- [Goal of the exercise]:
Give back the full listing exactly, setting the pictures aside.

*** Information shown ***

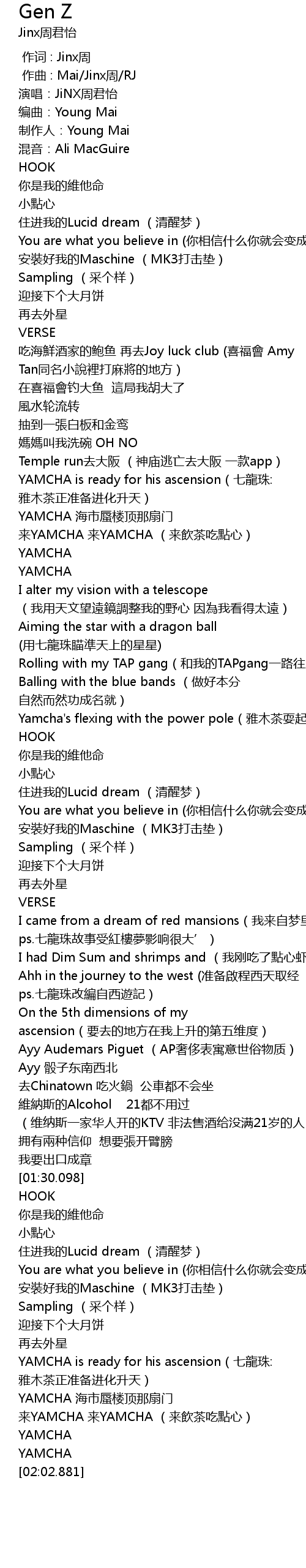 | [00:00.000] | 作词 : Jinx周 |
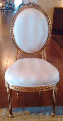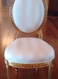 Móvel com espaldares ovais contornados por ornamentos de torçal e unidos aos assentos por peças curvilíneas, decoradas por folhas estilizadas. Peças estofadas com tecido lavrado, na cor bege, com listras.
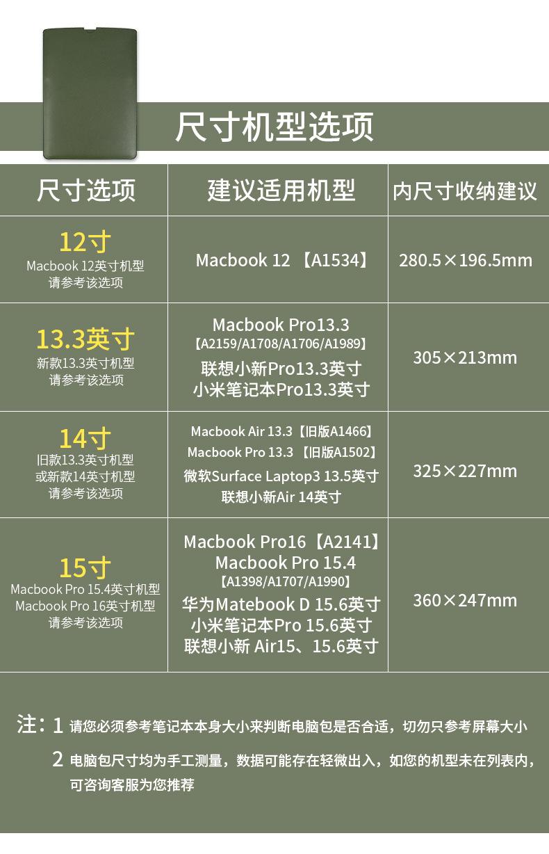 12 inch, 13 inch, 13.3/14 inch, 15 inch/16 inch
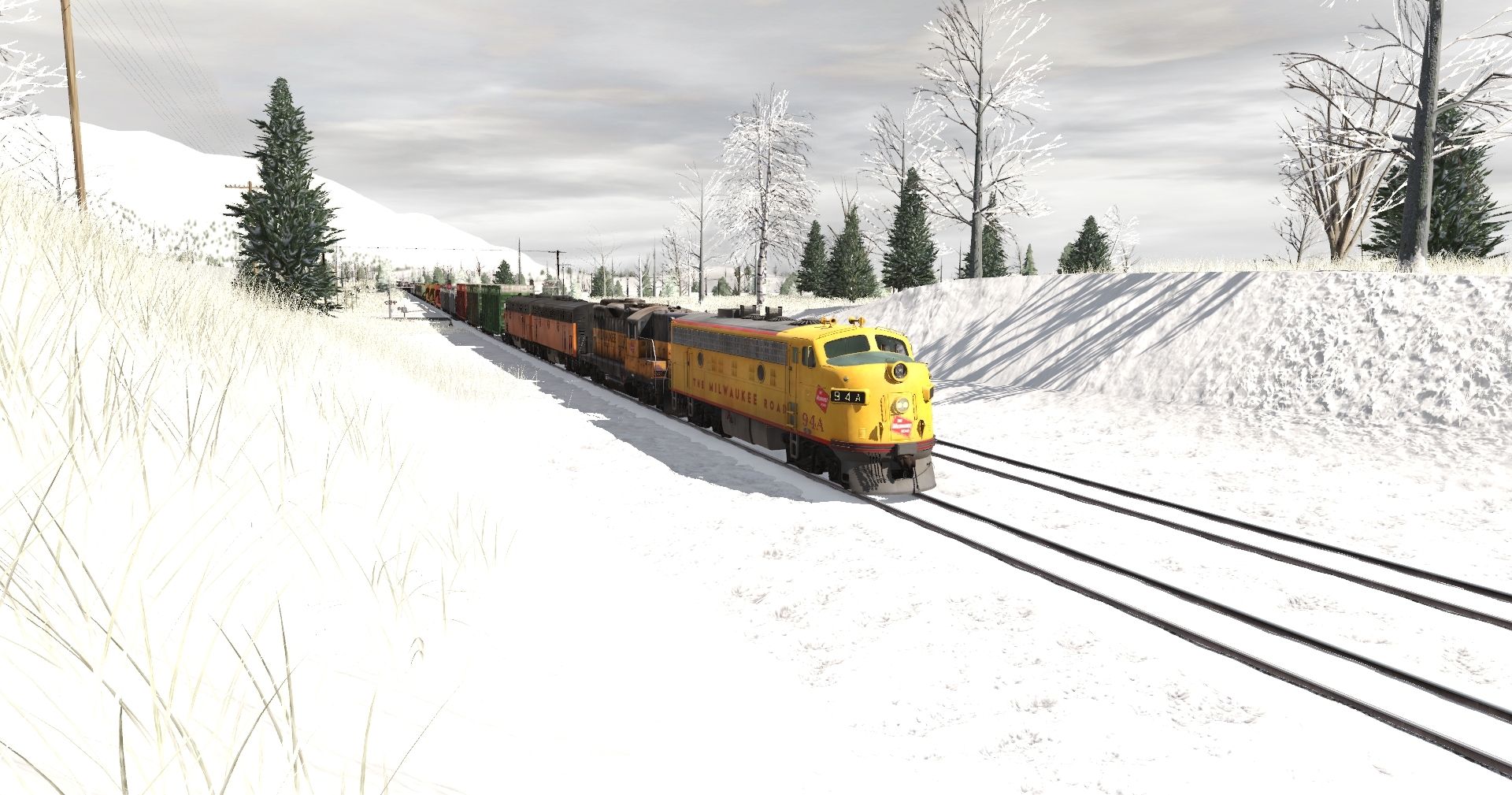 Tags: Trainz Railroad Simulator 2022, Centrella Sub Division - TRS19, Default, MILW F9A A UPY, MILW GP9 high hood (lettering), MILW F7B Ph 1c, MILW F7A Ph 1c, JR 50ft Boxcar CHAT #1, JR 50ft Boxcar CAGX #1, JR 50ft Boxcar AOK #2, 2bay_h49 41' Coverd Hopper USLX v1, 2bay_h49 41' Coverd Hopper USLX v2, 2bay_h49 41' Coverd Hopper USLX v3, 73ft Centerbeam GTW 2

*** End of Information shown ***

- [Expected answer]:
 | [00:00.000] | 作词 : Jinx周 |
 Móvel com espaldares ovais contornados por ornamentos de torçal e unidos aos assentos por peças curvilíneas, decoradas por folhas estilizadas. Peças estofadas com tecido lavrado, na cor bege, com listras.
 12 inch, 13 inch, 13.3/14 inch, 15 inch/16 inch
 Tags: Trainz Railroad Simulator 2022, Centrella Sub Division - TRS19, Default, MILW F9A A UPY, MILW GP9 high hood (lettering), MILW F7B Ph 1c, MILW F7A Ph 1c, JR 50ft Boxcar CHAT #1, JR 50ft Boxcar CAGX #1, JR 50ft Boxcar AOK #2, 2bay_h49 41' Coverd Hopper USLX v1, 2bay_h49 41' Coverd Hopper USLX v2, 2bay_h49 41' Coverd Hopper USLX v3, 73ft Centerbeam GTW 2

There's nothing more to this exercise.